Life

TV review: War Child poses difficult questions

Billy Foley

Billy Foley

Billy has almost 30 years’ experience in journalism after leaving DCU with a BAJ. He has worked at the Irish Independent, Evening Herald and Sunday Independent in Dublin, the Cork-based Evening Echo and the New Zealand Herald. He joined the Irish News in 2000, working as a reporter and then Deputy News Editor. He has been News Editor since 2007

Billy Foley
Billy Foley Billy Foley

War Child, Channel 4, Sunday at 10.30pm

What would you do?

It’s a constant internal question as you watch this story of children fleeing war in the Middle East for the safety of Europe.

Would you stay and risk the ravages of war and rule by the medieval Islamic State? Or would you gather up your children, some belongings and head out on the dangerous refugee trail to Germany?

You might drown, you might get robbed, assaulted or kidnapped. You will have to stay in transit camps, watch your children go hungry at times, deal with people smugglers, get arrested and face riot police across razor wire. But at least you will avoid beheading.

It’s impossible to say what choice you would make without having lived through the siege of Aleppo or experienced almost non-stop war in Afghanistan since the Soviet Union invaded in 1979.

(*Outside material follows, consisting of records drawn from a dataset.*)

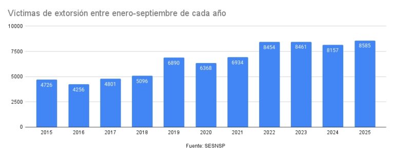El Secretariado Ejecutivo del Sistema Nacional de Seguridad Pública (SESNSP) reportó 8,585 víctimas de extorsión entre enero y septiembre de 2025, lo cual implica un aumento de 5.2 % respecto al mismo periodo del año pasado.
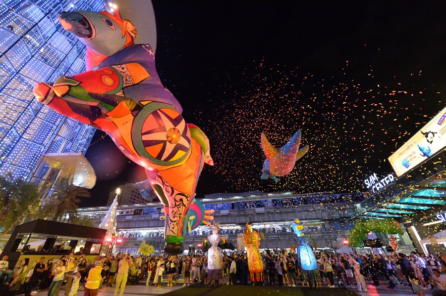 A balloon is seen in front of a shopping mall in Bangkok, Thailand, Dec. 8, 2023. (Xinhua/Rachen Sageamsak)
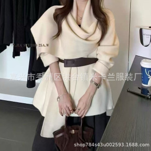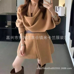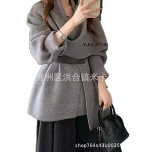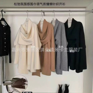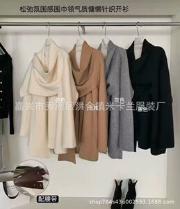 高品绵羊绒2025秋冬季新品针织开衫外套女长袖宽松腰带针织衫毛衣
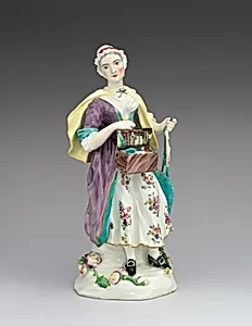 This soft-paste porcelain figure depicts a pedlar, an itinerant merchant who traveled from village to village selling small goods carried in a pack. The figure captures this familiar character from eighteenth-century British life with attention to costume and accessories, presenting the pedlar with his characteristic bundle and possibly a box of wares. The sculpture demonstrates the Derby factory's skill in modeling genre subjects that documented contemporary social types while providing decorat...
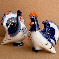 Ett salt- och pepparkar med blått blommönster.
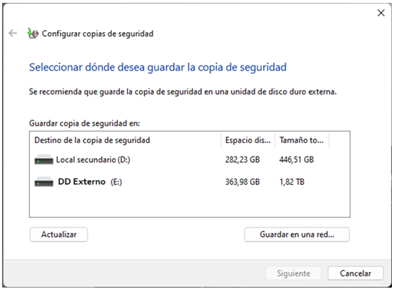 Al seleccionar la opción, se despliegan las unidades de almacenamiento adicionales detectadas por el sistema, de las cuales se debe seleccionar una donde irá a quedar guardado el respaldo que se realice y también se da información sobre el tamaño de la unidad y espacio disponible.
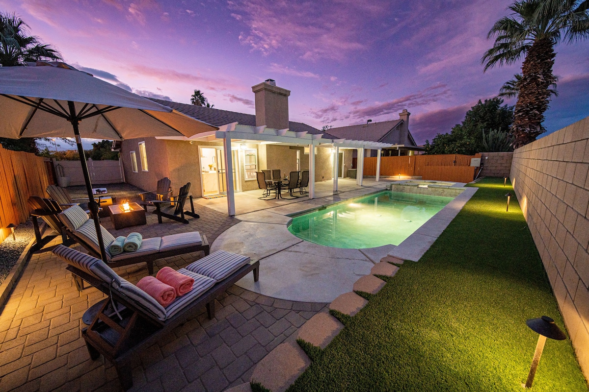 Erlebe ultimativen Luxus in diesem Traumhaus in der Wüste, das dich verzaubert machen wird! Dieses Haus ist ausschließlich für Ferienunterkünfte geeignet und verfügt über einen komplett renovierten Hinterhof für unvergesslichen Spaß. Lass die fesselnden Bilder für sich sprechen, aber die wahre Magie passiert, wenn man hineintritt. Mit einer voll ausgestatteten Küche, bereitgestellten Handtüchern und einer Reihe von Annehmlichkeiten wird jedes Bedürfnis erfüllt. Genieße Spiele, brandneue Möbel und sorgenfreie Entspannung am Pool und Spa.

War Child followed three children as they arrived in Greece in early 2016, headed for Angela Merkel’s welcome.

Emran was an eleven-year-old, articulate Afghani boy who was travelling with his aunt and uncle.

Hussein (also 11) was travelling with his married older sister. His father was dead and he’d become separated from his mother.

Rawan is a thoughtful 12-year-old Syrian who left Aleppo with her parents and younger siblings. Her father owned a car dealership in Syria’s second city and enjoyed a “European-like lifestyle.”

We followed the children and Rawan’s family as they dragged themselves across Europe.

Starting in southern Greece, the refugee trail at the time went through Macedonia, Serbia, Hungary and Austria.

Some of the countries would bus refugees to the border of a neighbouring country keen to transfer the problem, but crossing borders was difficult and people smugglers had to be paid.

At one stage Rawan’s family were kidnapped on the Serbian border and held against their will for a week until relatives in Turkey sent them money to buy their way out.

It was Germany which finally provided a life. All the refugees we followed were housed and educated by the German people.

But it would be wrong to take the simple conclusion from this powerful and emotional film - that Europe should open its borders to people in need.

Societies prosper when the contract between the state and its citizens is honoured.

That contract in liberal democracies says that your taxes pay for infrastructure, services and a safety net should you lose your job or get sick.

The citizen expects the government to use the taxes it raises efficiently and honestly to achieve these goals.

In a world of open borders these is no need to pay taxes over decades to see improvements in infrastructure and social services, when you can just move to the places which has them already.

In response the taxpayers in that country will question the contract, taxes will be avoided and infrastructure and services will deteriorate.

The incentive to improve any state will decline with the knowledge that it will attract the world’s migrants.

We may have cheered for Rawan and her family as they crossed the German border, but it’s an unsustainable solution to the problem.

***

Match of the Day - FA Cup, BBC 1, Monday at 7.30pm

It’s been a good week for free-to-air live sport.

On Monday the BBC had a quality football match for the first time in a long time, as Chelsea took on Manchester United in a full intensity encounter.

And on the following day, the BBC announced that it was extending its contract to broadcast the Masters golf amid speculation that it was to end the last live golf contract it had.

While the decision is welcome, the BBC is now in the anomalous position of broadcasting America’s leading golf tournament, but not Britain’s.